Wednesday, April 29, 2015

The Evolution Of Mathematics As A Scientific Discipline

For the most part, Mathematics remains behind the scenes. We use the end results without really thinking about the complexity underlying the technology in our lives. We never wonder how it came to be so - we only know that is is so and use it because the 'big boys' says so. But the phenomenal advances in technology over the last 100 years parallel the rise of mathematics as an independent scientific discipline.
For so many years (about 4 centuries ago), mathematics was thought of as a discipline encompassing majorly arithmetic, algebra and geometry. It was virtually indistinguishable from science and philosophy. History tells that the above major branches (arithmetic, algebra and geometry) was developed by the ancient Greeks. It was maintained by the Islamic Scholars and was passed on by Christian Monks in the middle ages. Mathematics finally became a field in its own right with the advent and discovery of calculus by the English Mathematician and Physicist, Sir. Isaac Newton and German philosopher and mathematician Gottfried Wilhelm Leibniz during the 17th century. Until the 19th century, however, mathematics was used mainly by physicists, chemists and engineers.

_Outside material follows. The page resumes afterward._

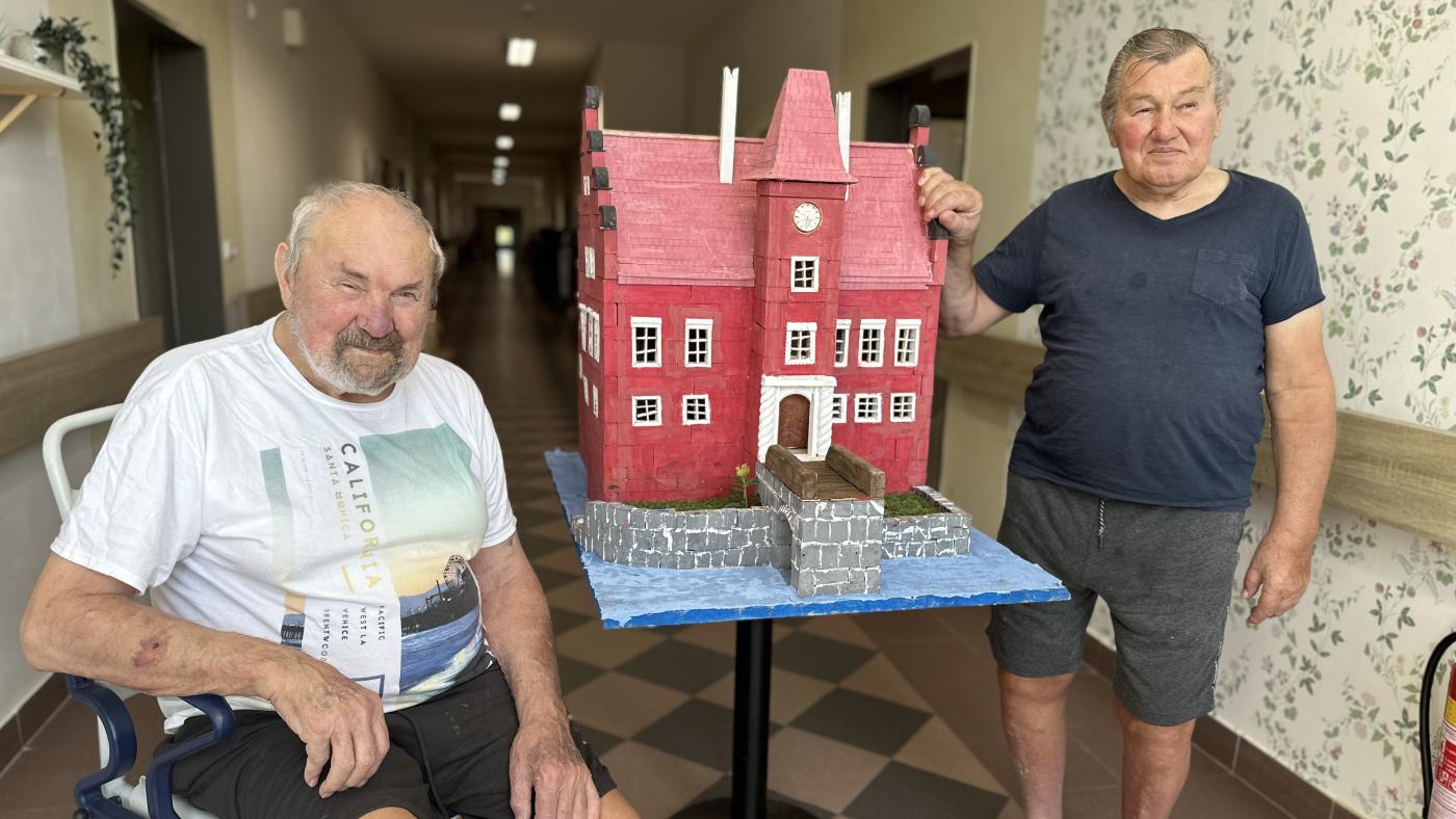 Pánové Václav Koláček a Miroslav Votýpka jsou nejen dva sehraní spolubydlící, ale společně vytváří i modely hradů a zámků. Tentokrát z dřevěných odřezků vyrobili zámek Červená Lhota.

In the late 1800s, scientific researchers began probing the limits of observation, investigating the parts of the atom, and the nature of light. Scientists discovered the electron in 1897. They had learned that light consisted of electromagnetic waves in the 1860s, but physicist Albert Einstein showed in 1905 that light could also behave as particles. These discoveries, along with the inquiries into the wavelike nature of matter, led in turn to the rise of theoretical physics and to the creation of complex mathematical models that demonstrated physical laws. Einstein demonstrated the equivalence of mass and energy, summarized by the famous equation  e = mc squared, in his special theory of relativity in 1905. Later, Einstein's general theory of relativity extended special relativity to accelerated systems and showed gravity to be an effect of acceleration. These mathematical models marked the creation of modern physics. Their success in predicting new physical phenomenon, such as black holes and antimatter, led to an explosion of mathematical analysis. Areas in pure mathematics - that is, theory as opposed to applied, or practical mathematics became particularly active.
A similar explosion of activity began in applied mathematics after the invention of the electronic computer, the ENIAC (Electronic Numerical Integrator and Calculator) in 1946. Initially built to calculate the trajectory of artillery shells, prediction, and wind-tunnel design. Computers aided the development of efficient numerical methods for solving complex mathematical systems.
"Without mathematics, we might be living in a world with beautiful art, literature and philosophy, but no technology" - Pilant, Micheal, S., B.S., M.S., Ph.D., Professor of mathematics Texas A & M University. (These statements may have been true some 50 years ago but currently, it is a mathematical heresy, a common fallacy as you would soon see). Even the medical advances of the last 50 years might not have occurred, Science and technology; in their turn, have provided many of the problems that motivated progress in mathematics. Such problems include the behaviour of weather systems, the motion of subatomic particles, and the creation of faster and smaller computers that can perform multiple tasks simultaneously.
With all these disciplines in which mathematics has contributed as a 'soul mate' to make simple, a problem of great difficulty, no wonder it is termed 'The Language of Science'.